**WORK ITEM**
Copy the listing below in full and skip every picture.

**INPUT DATA**
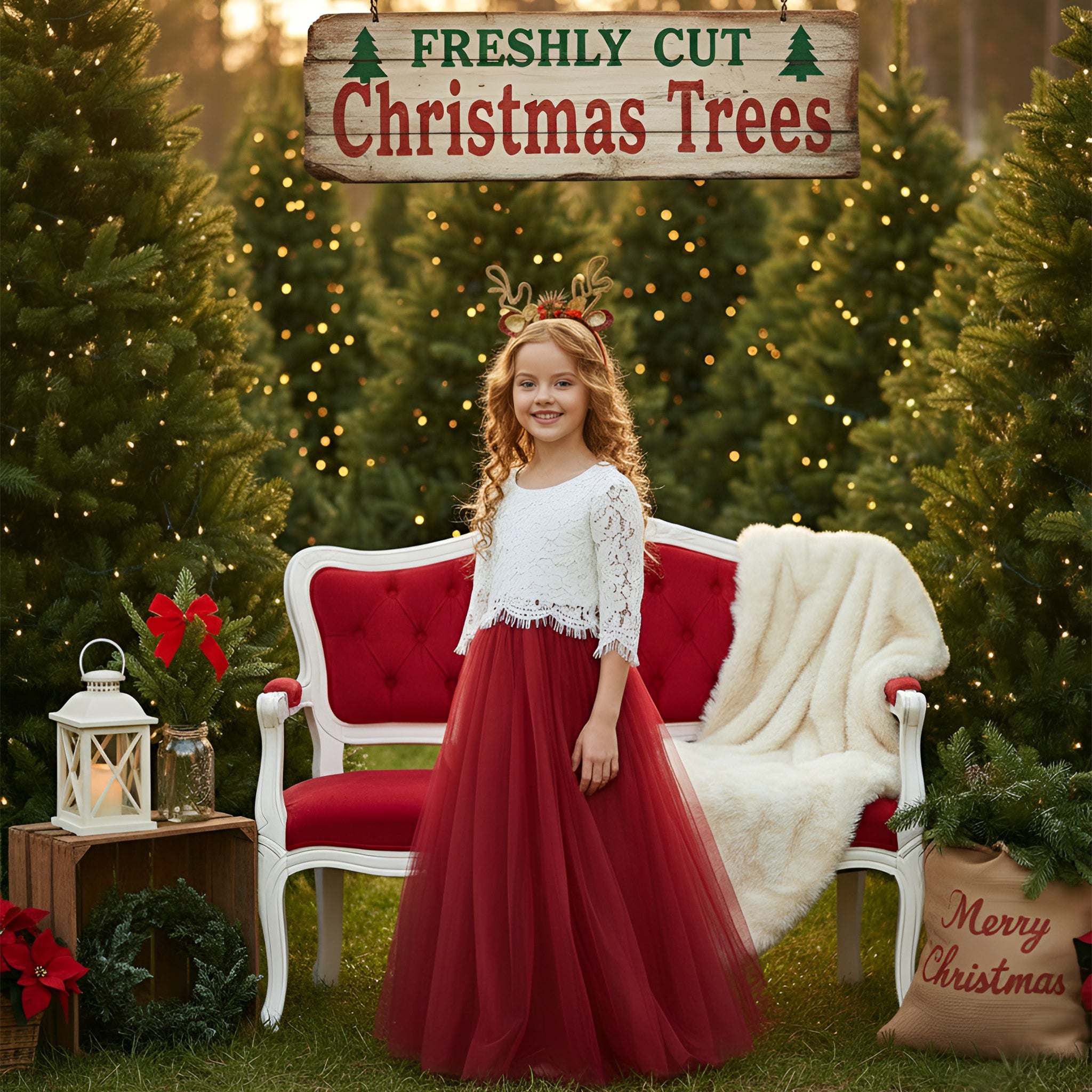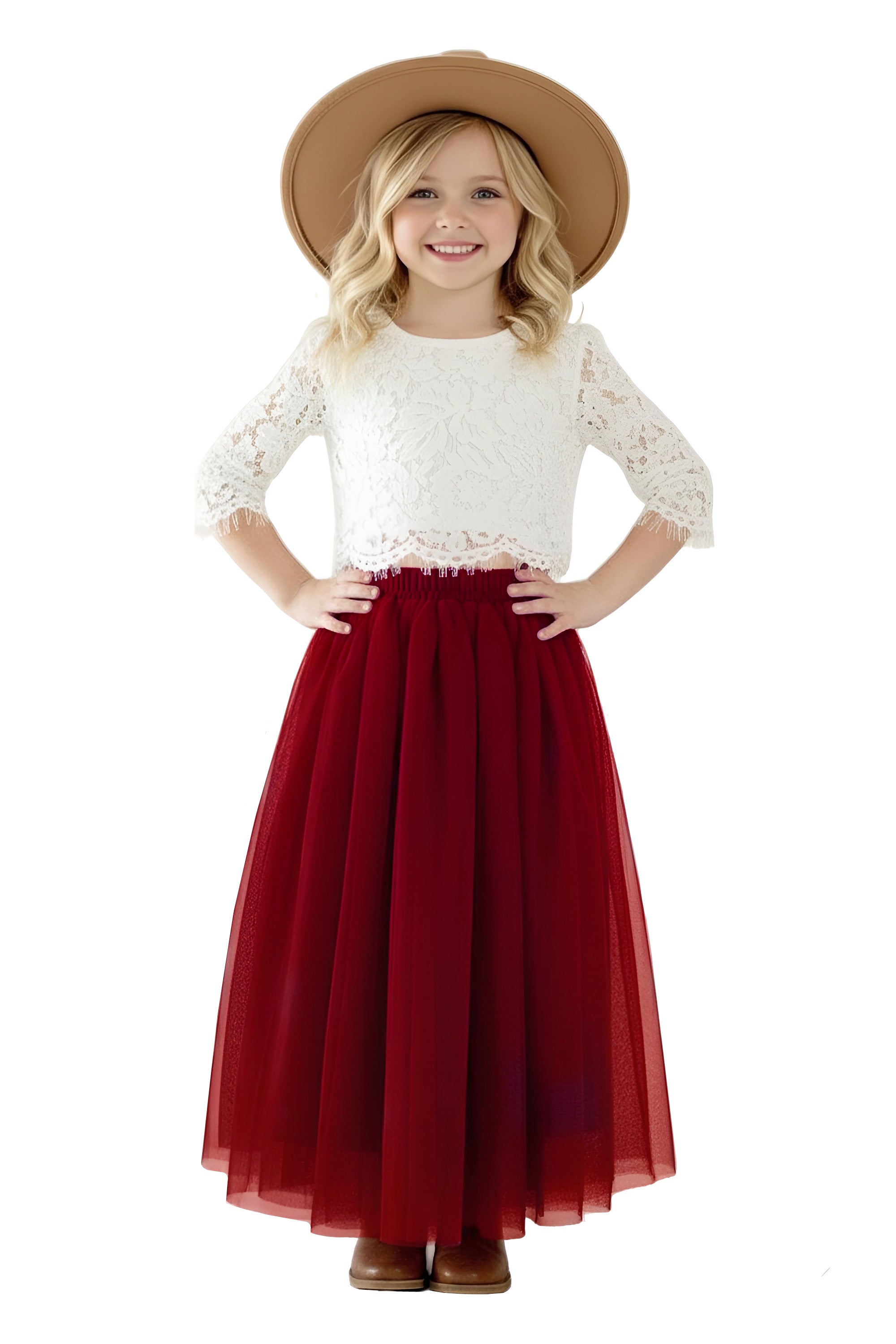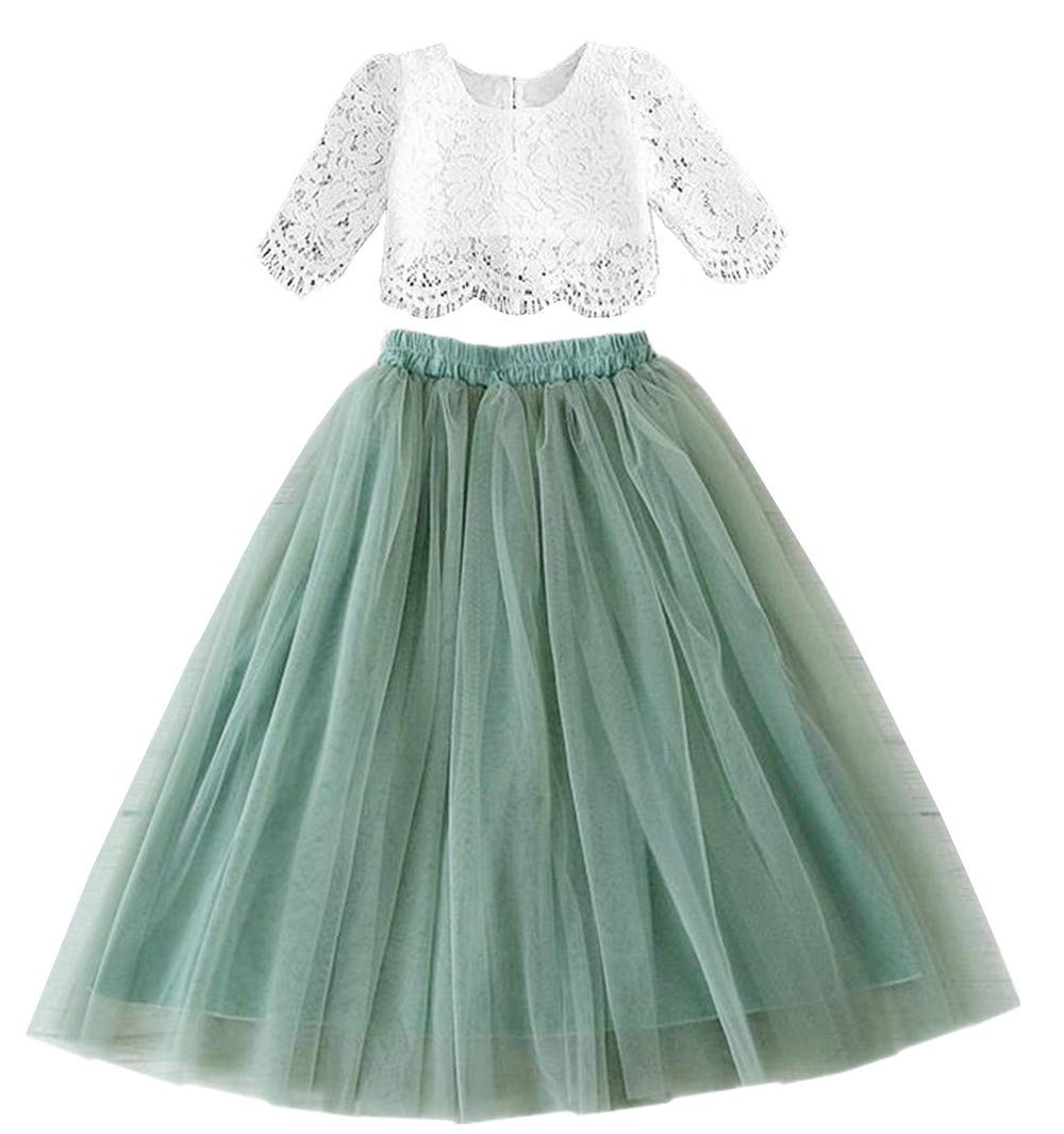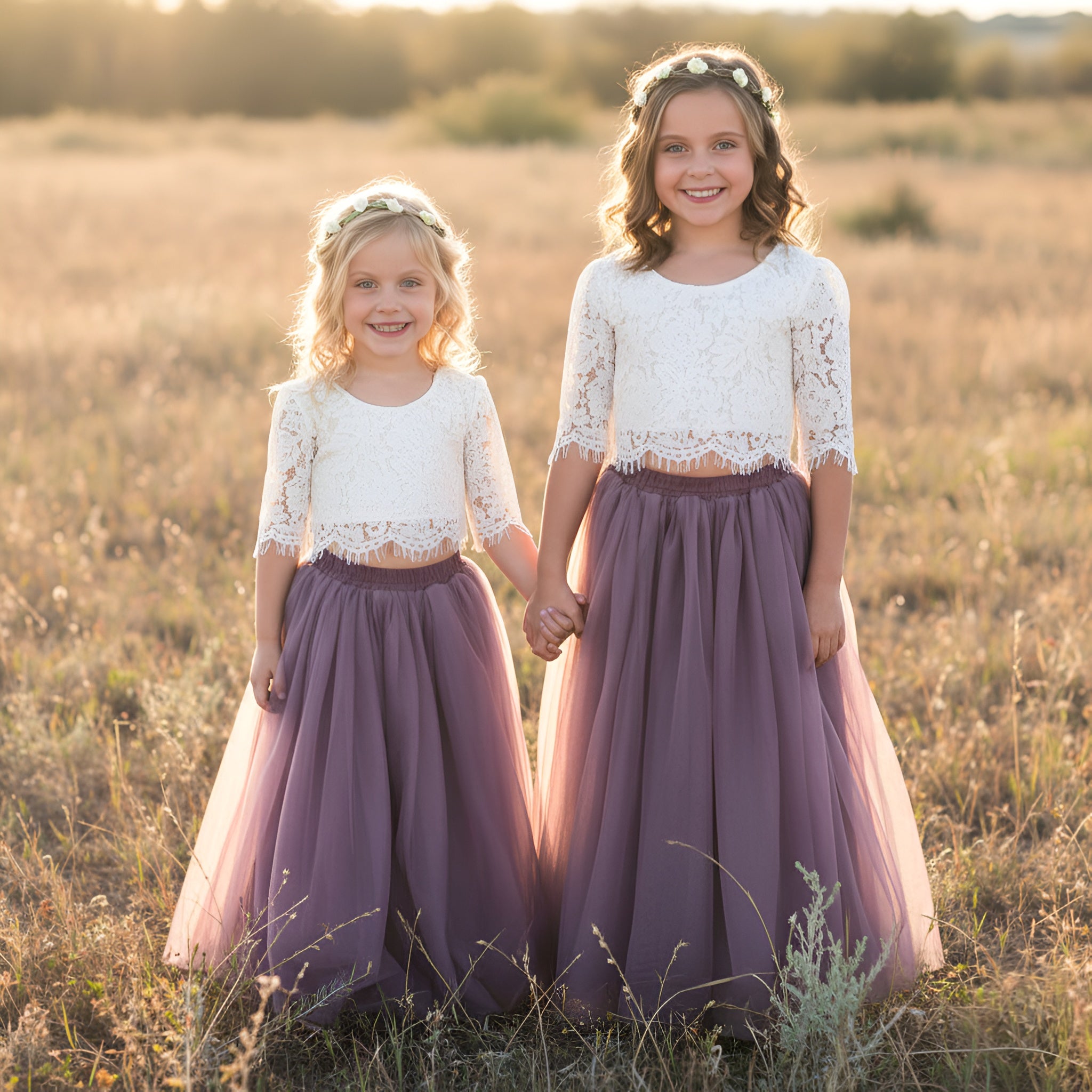 2Bunnies 2 Piece Lace Top Tulle Skirt Boho Rustic Flower Girl Dress Set
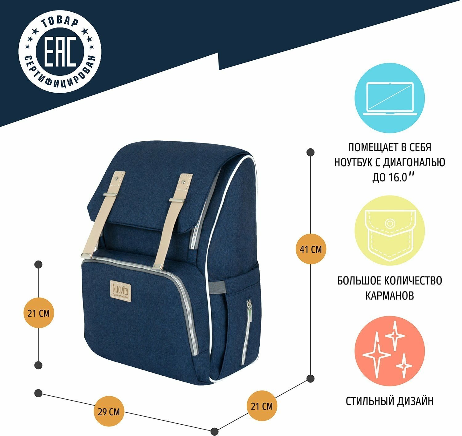 Рюкзак для мамы Nuovita CAPCAP rotta Blu scuro/Темно-синий интересное:
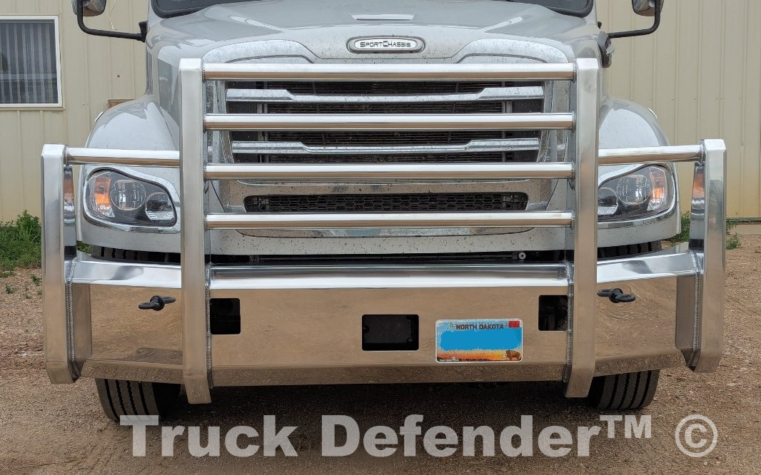 Freightliner M2 Standard Polished Bumper 2'' Pipes, Black Oak Pod Holes (2)

**TASK OUTPUT**
 2Bunnies 2 Piece Lace Top Tulle Skirt Boho Rustic Flower Girl Dress Set
 Рюкзак для мамы Nuovita CAPCAP rotta Blu scuro/Темно-синий интересное:
 Freightliner M2 Standard Polished Bumper 2'' Pipes, Black Oak Pod Holes (2)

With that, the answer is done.